Those are the two that spring to mind at the moment. So they'll definitely do.


----------



## Geemont (Nov 18, 2008)

The Stranger by Albert Camus.


----------



## thedavebright (Sep 8, 2012)

Gotta go with IT by Stephen King


----------



## NogDog (May 1, 2009)

_Nine Princes in Amber_, by Roger Zelazny

Since I've read the original 5-novel "Amber" series at least 20 times, much more than any other book(s), I figured I'd pick the first book of that series -- or I could have cheated and picked the single volume omnibus edition that includes both "Amber" pentologies (to coin a word?).


----------



## Kenneth Rosenberg (Dec 3, 2010)

_Moby Dick_. Really, I know a lot of people hated having to read it in high school, but I thought it was great and have read it again several times since.
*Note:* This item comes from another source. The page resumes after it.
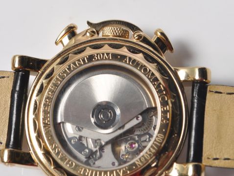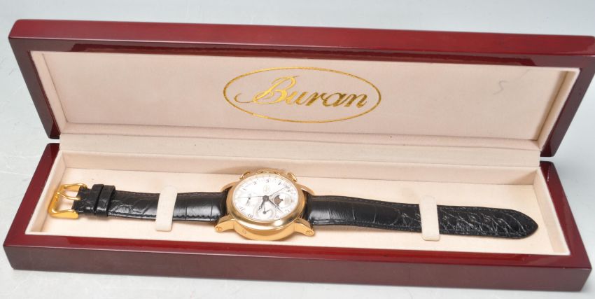 A gentleman's Buran Flagman Chronograph Automatic 25 jewels limited edition No. 054/100 wristwatch with Cal 7751. The watch having having white dial with arabic numerals to the chapter ring, day date to the arabic numerals to the chapter ring,60-second chronograph (central stop second),  30-minute counter (on 12h) with day and month aperture, secondary second dial to 9 o'clock and 12-hour counter (on 6h). The white metal movement is unmarked and set in a yellow metal case with sapphire glass back and black leather straps. The watch come complete with owner manual and original presentation box. Condition: good condition, no visual damage. At the time of arriving the watch was ticking and winding but sold as untested.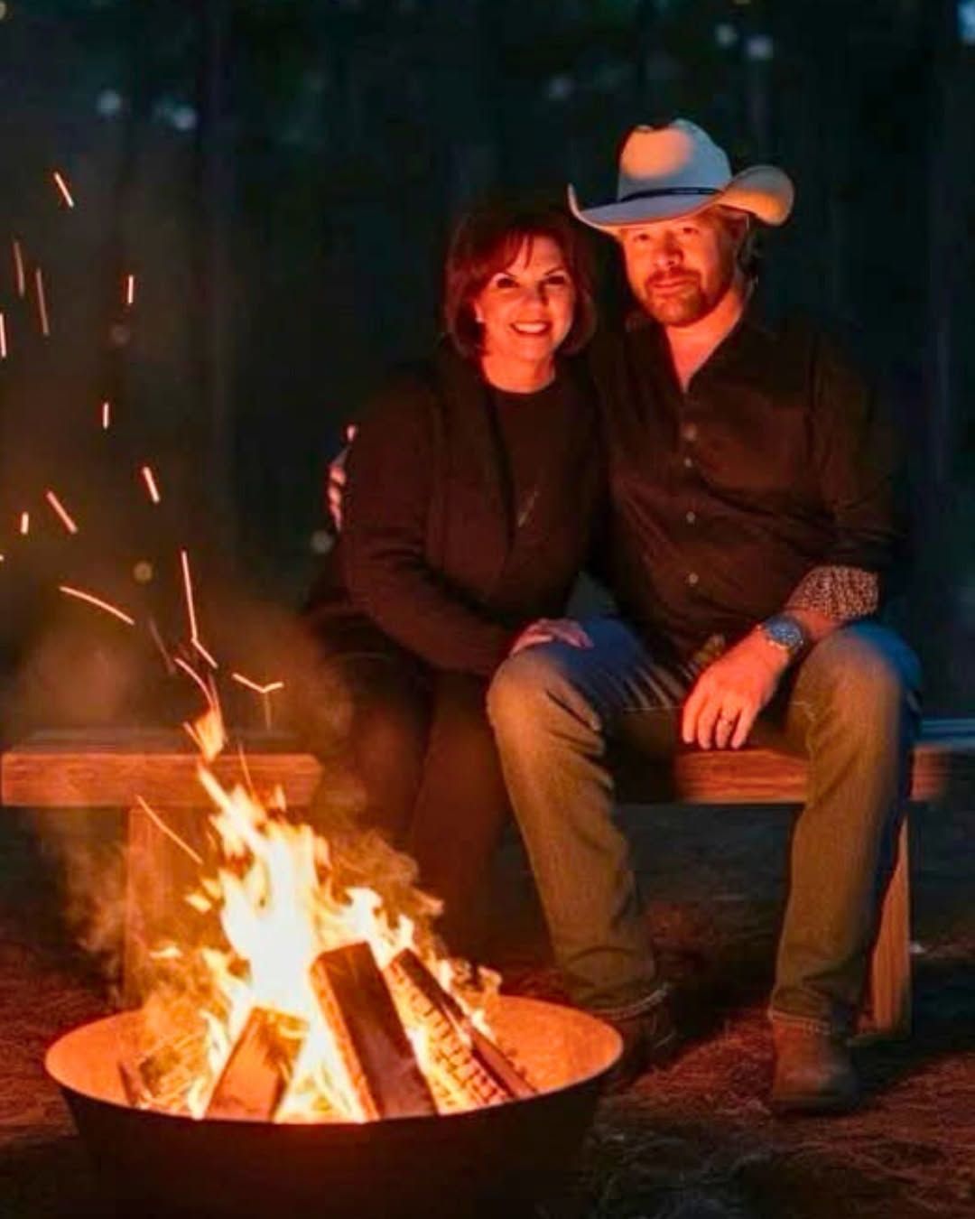They said Toby Keith could set the stage on fire. And maybe he could — every night, in front of thousands, his voice carried that mix of pride and defiance that made him an American legend. But the truth is, the brightest fire he ever knew wasn’t under the stage lights. It was this one — glowing quietly in the woods, with her by his side.

I actually signed up as a merchant seaman because of it, and read it while I was at sea, in the middle of the Pacific Ocean.


----------



## MamaProfCrash (Dec 16, 2008)

The USA Trilogy by John Dos Passos. I own all three books in one volume and that is what I am sticking with.

If I am in a slightly less intense mood: Codex Alera Series by Jim Butcher (although I have never found it as one collected vloume darn it)


----------



## Anisa Claire West (Sep 19, 2012)

Just one?  Hmmm.  I'll say The Mysteries of Udolpho by Ann Ward Radcliffe.  It's the quintessential Gothic mystery of epic proportions.


----------



## ZanderBooth (Nov 14, 2012)

I think my favorite had to be Bram Stoker's Dracula. I loved the way it was written from multiple points of view. It gives your a real depth for the environment it takes places in. The reader gets a great flavor of Victorian era England, and what were considered moral norms. Dracula in particular embodies everything Victorians through were evil.


----------



## timskorn (Nov 7, 2012)

This is great.  Every single one of these books I want to read now.


----------



## deckard (Jan 13, 2011)

East of Eden


Deckard


----------



## LaRita (Oct 28, 2008)

_And Ladies of the Club_ by Helen Hooven Santmyer. Alas, not yet Kindle-ized.


----------



## HLWampler (Nov 14, 2012)

The one book I can go back to over, and over, and over and never get sick of is The Shining. I love the book and the movie.


----------



## thedavebright (Sep 8, 2012)

The Shining is fantastic. The book and movie are quite different but both so addicting


----------



## bordercollielady (Nov 21, 2008)

Has to be "Gone With The Wind"...


----------



## Robert B. Marks (Nov 15, 2012)

Very hard to say - one of the problems with being an avid reader and a bibliophile is that you end up somewhat overwhelmed.  I think my personal library broke a thousand books some time ago.

That said, there are a few books I keep wanting to come back to, if I ever get the time.  Key among them would be the Robert E. Howard Conan books - amazing storyteller, Howard, although the stories being from the 1930s, you do occasionally end up walking face-first into the wall o'racism.

Best regards to all,

Robert Marks


----------



## lmroth12 (Nov 15, 2012)

How to choose? I guess they would have to be divided by genre for me.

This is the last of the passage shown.